» What you need to do: Restate the listing word for word. Stop at the line that holds "Бесшовный весенний рисунок", include it, and leave out all pictures.

» Recorded information:
- - -

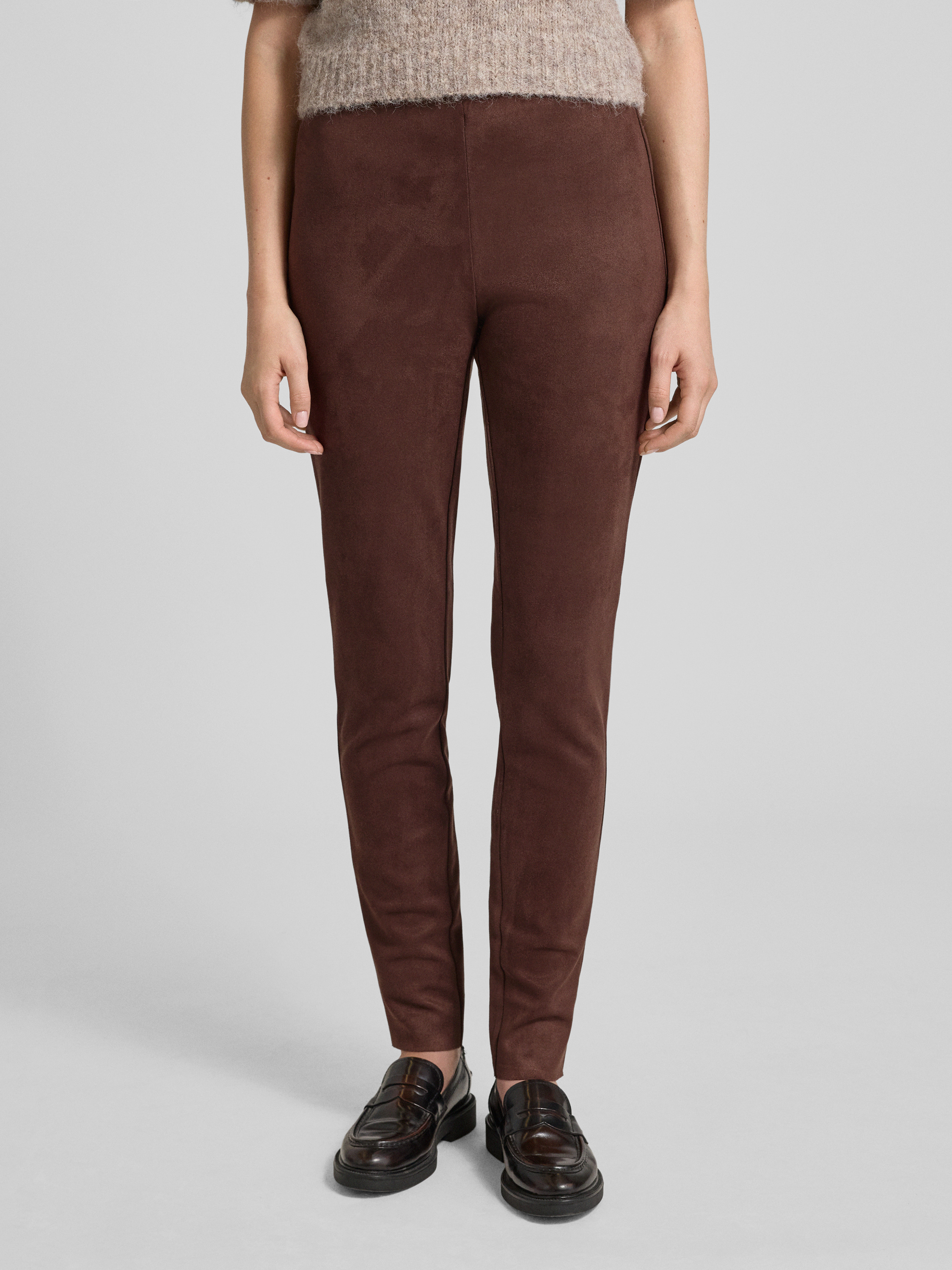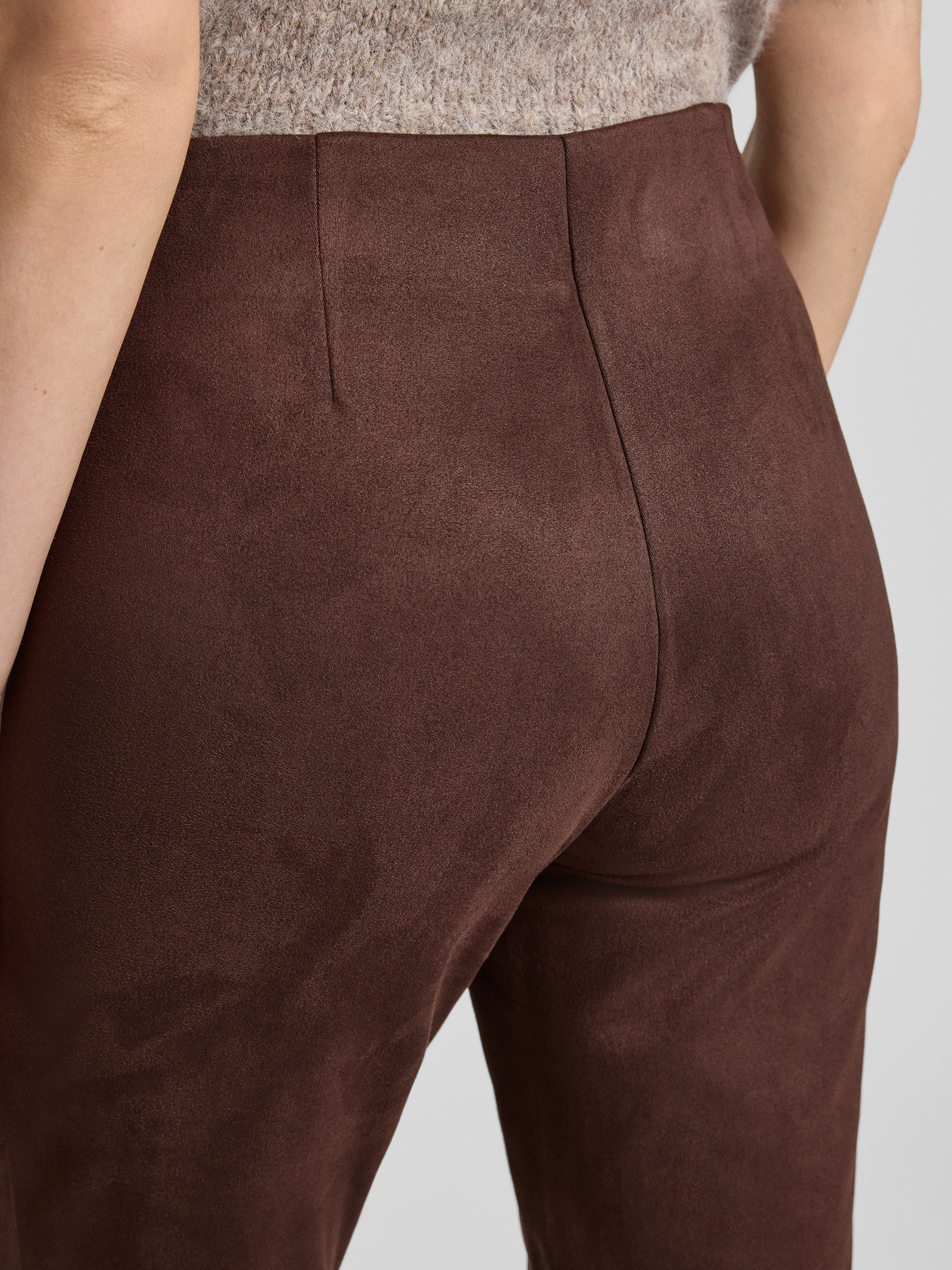 Spodnie materiałowe z imitacji zamszu model ‘LEXIE’ - szarobrązowy
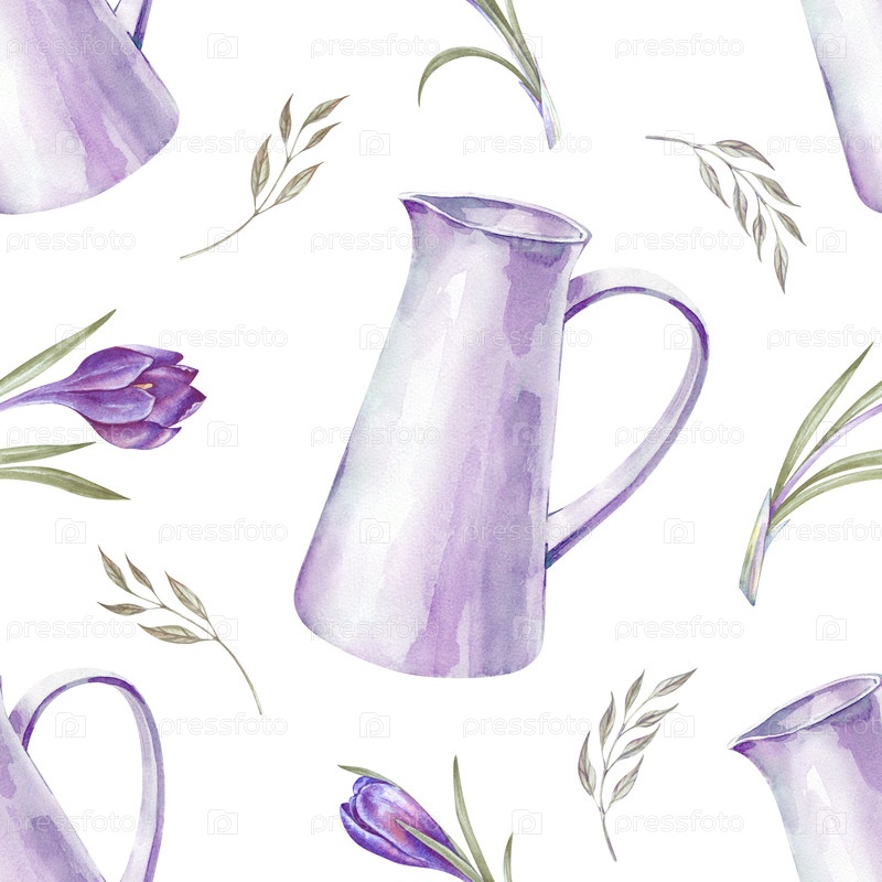 Бесшовный весенний рисунок с белым кувшином, фиолетовыми крокусами и зелеными листьями. Иллюстрация акварели на изолированном фоне. Реалистичный сезонный фон для домашнего декора на тему весны, Пасхи, Дня матери и 8 марта
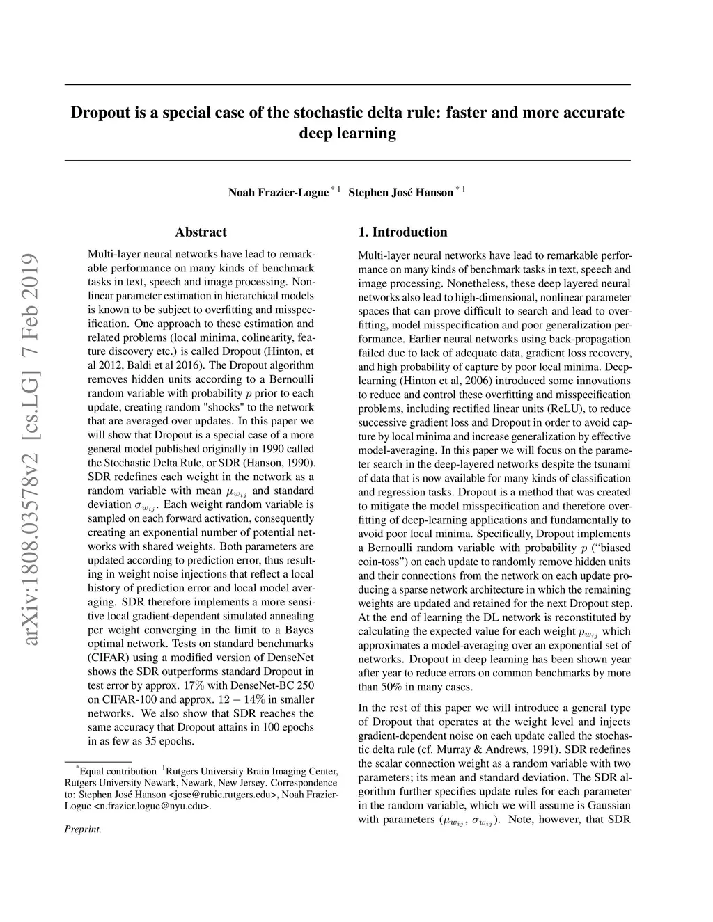 Multi-layer neural networks have lead to remarkable performance on many kinds of benchmark tasks in text, speech and image processing. Nonlinear parameter estimation in hierarchical models is known to be subject to overfitting and misspecification. One approach to these estimation and related problems (local minima, colinearity, feature discovery etc.) is called Dropout (Hinton, et al 2012, Baldi et al 2016). The Dropout algorithm removes hidden units according to a Bernoulli random variable with probability prior to each update, creating random "shocks" to the network that are averaged over updates. In this paper we will show that Dropout is a special case of a more general model published originally in 1990 called the Stochastic Delta Rule, or SDR (Hanson, 1990). SDR redefines each weight in the network as a random variable with mean and standard deviation . Each weight random variable is sampled on each forward activation, consequently creating an exponential number of potential networks with shared weights. Both parameters are updated according to prediction error, thus resulting in weight noise injections that reflect a local history of prediction error and local model averaging. SDR therefore implements a more sensitive local gradient-dependent simulated annealing per weight converging in the limit to a Bayes optimal network. Tests on standard benchmarks (CIFAR) using a modified version of DenseNet shows the SDR outperforms standard Dropout in test error by approx. with DenseNet-BC 250 on CIFAR-100 and approx. in smaller networks. We also show that SDR reaches the same accuracy that Dropout attains in 100 epochs in as few as 35 epochs.
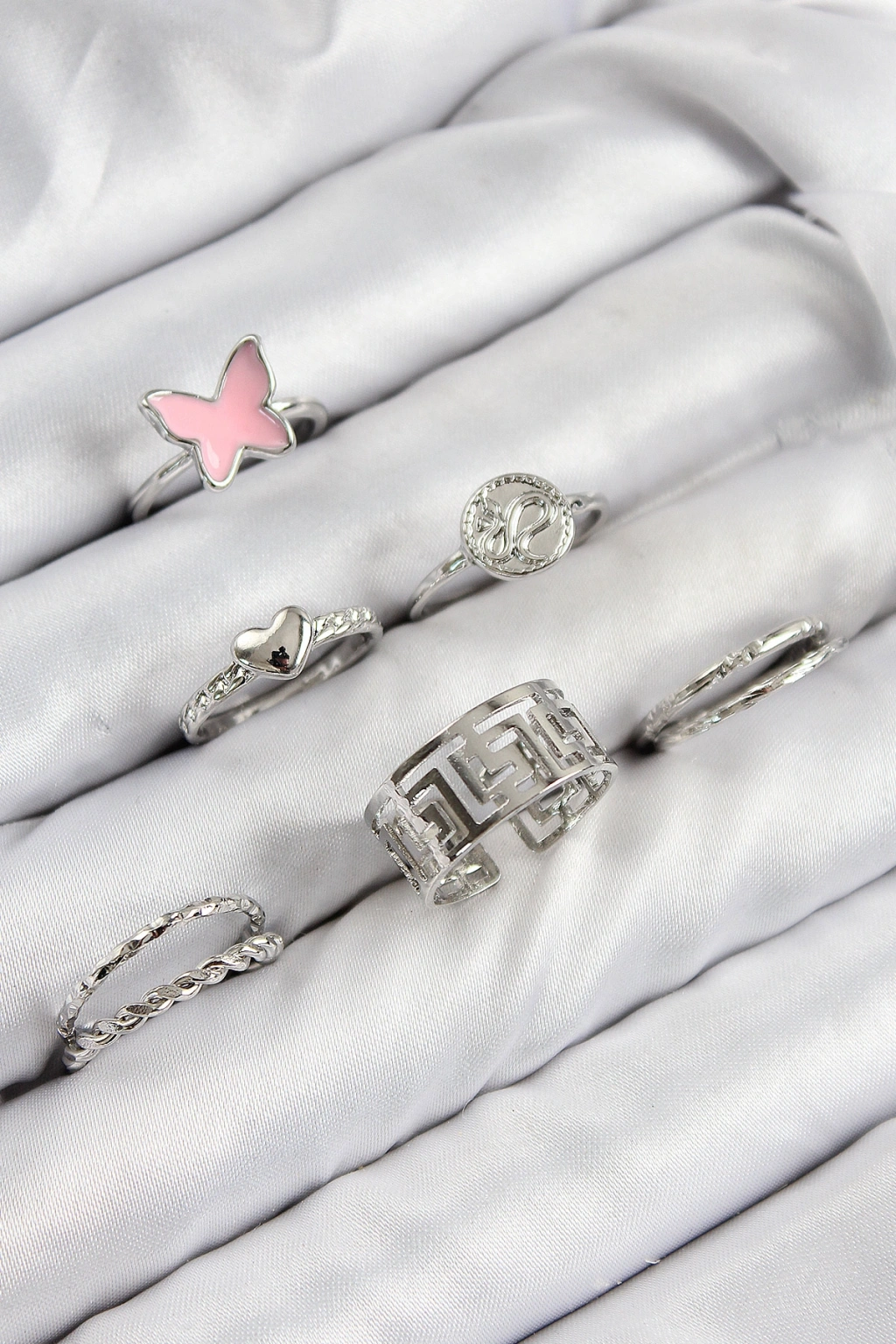 Erb Pirinç Kelebek Ve Kalp Model Gümüş Renk Kadın Yüzük Kombin Set

- - -

» Result of this exercise:
 Spodnie materiałowe z imitacji zamszu model ‘LEXIE’ - szarobrązowy
 Бесшовный весенний рисунок с белым кувшином, фиолетовыми крокусами и зелеными листьями. Иллюстрация акварели на изолированном фоне. Реалистичный сезонный фон для домашнего декора на тему весны, Пасхи, Дня матери и 8 марта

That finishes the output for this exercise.